▶ [Stored items from a collection]
■ ■ ■ ■

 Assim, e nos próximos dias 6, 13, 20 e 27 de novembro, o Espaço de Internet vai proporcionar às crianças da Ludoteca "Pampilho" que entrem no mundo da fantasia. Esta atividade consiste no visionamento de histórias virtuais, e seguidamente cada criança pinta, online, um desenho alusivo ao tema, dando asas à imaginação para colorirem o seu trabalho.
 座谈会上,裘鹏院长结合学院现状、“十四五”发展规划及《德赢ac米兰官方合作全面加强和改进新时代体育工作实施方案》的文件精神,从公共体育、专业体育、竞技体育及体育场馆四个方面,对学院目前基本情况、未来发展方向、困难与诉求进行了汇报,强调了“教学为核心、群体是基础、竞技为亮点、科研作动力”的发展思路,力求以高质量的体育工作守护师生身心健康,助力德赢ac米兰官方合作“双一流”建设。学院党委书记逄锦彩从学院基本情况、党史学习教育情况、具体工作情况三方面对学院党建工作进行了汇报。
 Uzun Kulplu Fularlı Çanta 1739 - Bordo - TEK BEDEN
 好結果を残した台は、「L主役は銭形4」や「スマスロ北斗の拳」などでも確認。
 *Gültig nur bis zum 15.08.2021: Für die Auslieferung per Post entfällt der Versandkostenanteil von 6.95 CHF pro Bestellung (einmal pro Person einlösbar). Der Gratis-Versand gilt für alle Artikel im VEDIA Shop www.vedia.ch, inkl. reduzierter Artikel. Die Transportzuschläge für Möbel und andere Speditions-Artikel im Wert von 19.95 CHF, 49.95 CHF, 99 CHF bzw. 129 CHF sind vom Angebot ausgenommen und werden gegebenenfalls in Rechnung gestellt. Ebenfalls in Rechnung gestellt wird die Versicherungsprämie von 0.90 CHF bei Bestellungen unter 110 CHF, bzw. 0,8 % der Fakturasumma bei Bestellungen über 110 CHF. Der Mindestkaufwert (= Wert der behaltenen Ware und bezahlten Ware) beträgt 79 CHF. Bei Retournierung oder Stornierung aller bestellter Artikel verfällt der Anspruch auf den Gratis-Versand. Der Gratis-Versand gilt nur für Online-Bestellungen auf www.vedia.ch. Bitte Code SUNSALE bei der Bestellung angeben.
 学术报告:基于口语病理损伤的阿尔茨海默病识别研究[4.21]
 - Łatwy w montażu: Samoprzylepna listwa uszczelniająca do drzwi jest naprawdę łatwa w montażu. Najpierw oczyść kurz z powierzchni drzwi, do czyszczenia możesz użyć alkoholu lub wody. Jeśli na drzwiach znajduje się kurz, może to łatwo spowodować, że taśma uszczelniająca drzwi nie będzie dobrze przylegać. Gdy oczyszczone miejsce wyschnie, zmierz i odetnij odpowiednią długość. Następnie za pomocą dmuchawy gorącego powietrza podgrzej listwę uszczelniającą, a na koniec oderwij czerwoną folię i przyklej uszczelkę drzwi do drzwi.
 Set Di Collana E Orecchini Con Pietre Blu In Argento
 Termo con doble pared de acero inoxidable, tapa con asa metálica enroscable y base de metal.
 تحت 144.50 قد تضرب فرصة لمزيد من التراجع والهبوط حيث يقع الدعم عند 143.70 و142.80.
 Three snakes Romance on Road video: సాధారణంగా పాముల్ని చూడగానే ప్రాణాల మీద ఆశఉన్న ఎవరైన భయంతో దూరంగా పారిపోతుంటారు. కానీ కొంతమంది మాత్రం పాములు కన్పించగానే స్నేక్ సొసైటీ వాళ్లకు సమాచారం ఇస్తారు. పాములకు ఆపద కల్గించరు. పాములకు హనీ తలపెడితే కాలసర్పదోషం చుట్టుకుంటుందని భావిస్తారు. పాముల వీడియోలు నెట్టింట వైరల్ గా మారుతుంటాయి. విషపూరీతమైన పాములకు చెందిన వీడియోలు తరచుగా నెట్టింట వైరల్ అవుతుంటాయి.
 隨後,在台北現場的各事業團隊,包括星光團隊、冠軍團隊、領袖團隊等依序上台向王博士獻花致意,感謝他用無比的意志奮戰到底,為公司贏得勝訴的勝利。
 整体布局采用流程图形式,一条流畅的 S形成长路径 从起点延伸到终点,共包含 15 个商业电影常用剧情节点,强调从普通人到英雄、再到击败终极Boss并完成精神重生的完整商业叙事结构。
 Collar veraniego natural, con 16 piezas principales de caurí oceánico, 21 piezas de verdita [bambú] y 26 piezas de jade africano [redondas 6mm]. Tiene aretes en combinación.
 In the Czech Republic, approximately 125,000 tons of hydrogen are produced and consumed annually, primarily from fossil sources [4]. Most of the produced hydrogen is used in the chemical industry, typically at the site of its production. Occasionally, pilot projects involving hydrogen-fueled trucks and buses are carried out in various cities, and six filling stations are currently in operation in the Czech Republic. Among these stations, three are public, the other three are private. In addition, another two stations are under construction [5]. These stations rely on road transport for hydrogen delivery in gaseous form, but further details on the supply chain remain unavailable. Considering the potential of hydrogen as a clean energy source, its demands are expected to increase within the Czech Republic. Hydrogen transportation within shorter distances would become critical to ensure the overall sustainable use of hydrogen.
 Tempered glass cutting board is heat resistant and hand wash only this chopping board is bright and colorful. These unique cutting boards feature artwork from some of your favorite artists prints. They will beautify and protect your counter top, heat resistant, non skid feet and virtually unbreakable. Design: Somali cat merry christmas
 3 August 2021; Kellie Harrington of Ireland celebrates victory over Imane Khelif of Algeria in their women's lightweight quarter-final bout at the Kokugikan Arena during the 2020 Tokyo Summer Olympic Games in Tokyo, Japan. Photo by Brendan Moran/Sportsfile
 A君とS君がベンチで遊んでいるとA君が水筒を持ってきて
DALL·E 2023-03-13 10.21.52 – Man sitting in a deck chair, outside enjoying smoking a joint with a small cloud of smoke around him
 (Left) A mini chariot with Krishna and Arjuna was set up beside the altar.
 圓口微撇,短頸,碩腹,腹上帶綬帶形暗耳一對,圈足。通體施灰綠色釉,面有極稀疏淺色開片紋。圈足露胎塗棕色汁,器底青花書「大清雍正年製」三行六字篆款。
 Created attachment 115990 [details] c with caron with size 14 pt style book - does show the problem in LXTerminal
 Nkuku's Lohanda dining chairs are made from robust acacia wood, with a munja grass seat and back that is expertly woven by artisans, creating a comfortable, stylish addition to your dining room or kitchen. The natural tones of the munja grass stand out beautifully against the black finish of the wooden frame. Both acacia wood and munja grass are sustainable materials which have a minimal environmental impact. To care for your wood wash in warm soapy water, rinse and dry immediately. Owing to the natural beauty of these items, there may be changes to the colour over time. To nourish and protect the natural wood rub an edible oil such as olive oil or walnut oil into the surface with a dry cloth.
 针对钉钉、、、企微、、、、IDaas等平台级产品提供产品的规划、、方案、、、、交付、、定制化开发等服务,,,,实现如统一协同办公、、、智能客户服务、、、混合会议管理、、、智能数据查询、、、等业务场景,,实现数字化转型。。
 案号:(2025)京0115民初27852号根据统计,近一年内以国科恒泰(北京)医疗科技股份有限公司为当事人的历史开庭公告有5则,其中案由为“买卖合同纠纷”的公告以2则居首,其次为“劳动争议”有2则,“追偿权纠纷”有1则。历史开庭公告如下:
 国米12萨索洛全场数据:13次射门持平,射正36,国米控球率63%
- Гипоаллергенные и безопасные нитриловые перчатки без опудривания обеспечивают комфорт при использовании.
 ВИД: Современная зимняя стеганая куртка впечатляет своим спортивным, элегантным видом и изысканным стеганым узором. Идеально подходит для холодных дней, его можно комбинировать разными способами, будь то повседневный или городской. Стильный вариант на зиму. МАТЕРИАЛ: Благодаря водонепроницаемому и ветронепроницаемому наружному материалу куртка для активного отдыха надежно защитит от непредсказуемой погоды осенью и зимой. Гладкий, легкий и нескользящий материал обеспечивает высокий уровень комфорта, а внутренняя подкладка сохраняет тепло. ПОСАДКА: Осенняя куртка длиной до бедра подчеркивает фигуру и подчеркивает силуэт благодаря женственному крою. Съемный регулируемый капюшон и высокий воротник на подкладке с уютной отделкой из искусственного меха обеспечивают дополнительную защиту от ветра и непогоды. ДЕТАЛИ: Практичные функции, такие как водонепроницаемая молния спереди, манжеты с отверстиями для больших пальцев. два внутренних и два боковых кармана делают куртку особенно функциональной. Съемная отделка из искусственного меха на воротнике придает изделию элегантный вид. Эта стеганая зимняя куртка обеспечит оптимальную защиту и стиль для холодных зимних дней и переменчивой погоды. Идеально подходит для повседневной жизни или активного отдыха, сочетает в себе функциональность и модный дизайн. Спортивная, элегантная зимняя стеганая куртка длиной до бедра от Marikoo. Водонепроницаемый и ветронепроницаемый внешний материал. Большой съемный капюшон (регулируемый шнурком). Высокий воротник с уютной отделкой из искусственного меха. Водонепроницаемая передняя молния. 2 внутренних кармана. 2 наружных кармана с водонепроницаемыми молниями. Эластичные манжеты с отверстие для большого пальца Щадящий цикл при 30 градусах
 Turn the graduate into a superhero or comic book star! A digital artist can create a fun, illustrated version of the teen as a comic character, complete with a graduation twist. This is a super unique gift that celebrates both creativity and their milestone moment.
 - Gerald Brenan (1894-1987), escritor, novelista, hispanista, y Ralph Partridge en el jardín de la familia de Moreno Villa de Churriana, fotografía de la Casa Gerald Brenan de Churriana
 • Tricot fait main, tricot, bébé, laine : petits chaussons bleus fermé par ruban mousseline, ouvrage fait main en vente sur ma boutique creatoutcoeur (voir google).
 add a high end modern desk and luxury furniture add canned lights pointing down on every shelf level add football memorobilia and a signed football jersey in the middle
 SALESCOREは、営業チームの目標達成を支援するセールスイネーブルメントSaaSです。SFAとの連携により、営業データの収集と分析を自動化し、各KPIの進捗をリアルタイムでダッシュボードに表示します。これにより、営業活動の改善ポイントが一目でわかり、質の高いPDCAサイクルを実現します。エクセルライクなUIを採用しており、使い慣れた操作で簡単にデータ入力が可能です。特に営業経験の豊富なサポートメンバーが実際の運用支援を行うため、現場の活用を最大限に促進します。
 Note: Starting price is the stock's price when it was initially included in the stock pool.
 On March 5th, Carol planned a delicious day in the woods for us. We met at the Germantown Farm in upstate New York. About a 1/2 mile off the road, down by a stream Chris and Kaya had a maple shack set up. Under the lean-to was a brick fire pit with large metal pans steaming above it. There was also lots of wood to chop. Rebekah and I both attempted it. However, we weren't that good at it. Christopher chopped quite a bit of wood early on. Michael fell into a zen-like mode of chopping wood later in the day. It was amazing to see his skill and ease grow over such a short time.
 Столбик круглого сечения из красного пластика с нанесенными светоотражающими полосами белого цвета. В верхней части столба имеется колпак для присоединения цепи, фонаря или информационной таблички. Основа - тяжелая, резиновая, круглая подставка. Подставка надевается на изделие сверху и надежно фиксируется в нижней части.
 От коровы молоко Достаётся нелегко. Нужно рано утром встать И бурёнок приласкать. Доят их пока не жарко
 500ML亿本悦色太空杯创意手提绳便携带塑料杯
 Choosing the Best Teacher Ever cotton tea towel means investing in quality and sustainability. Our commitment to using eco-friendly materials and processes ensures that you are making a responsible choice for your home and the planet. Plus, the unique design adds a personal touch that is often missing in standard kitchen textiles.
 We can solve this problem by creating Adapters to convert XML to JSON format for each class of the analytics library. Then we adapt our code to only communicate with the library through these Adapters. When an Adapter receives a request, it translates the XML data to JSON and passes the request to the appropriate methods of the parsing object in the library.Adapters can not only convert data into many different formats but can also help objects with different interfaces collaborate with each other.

■ ■ ■ ■

▶ [THE TASK] Look above for lines with the word "natural" and copy them all.

▶ [ANSWER BELOW]
 Collar veraniego natural, con 16 piezas principales de caurí oceánico, 21 piezas de verdita [bambú] y 26 piezas de jade africano [redondas 6mm]. Tiene aretes en combinación.
 Nkuku's Lohanda dining chairs are made from robust acacia wood, with a munja grass seat and back that is expertly woven by artisans, creating a comfortable, stylish addition to your dining room or kitchen. The natural tones of the munja grass stand out beautifully against the black finish of the wooden frame. Both acacia wood and munja grass are sustainable materials which have a minimal environmental impact. To care for your wood wash in warm soapy water, rinse and dry immediately. Owing to the natural beauty of these items, there may be changes to the colour over time. To nourish and protect the natural wood rub an edible oil such as olive oil or walnut oil into the surface with a dry cloth.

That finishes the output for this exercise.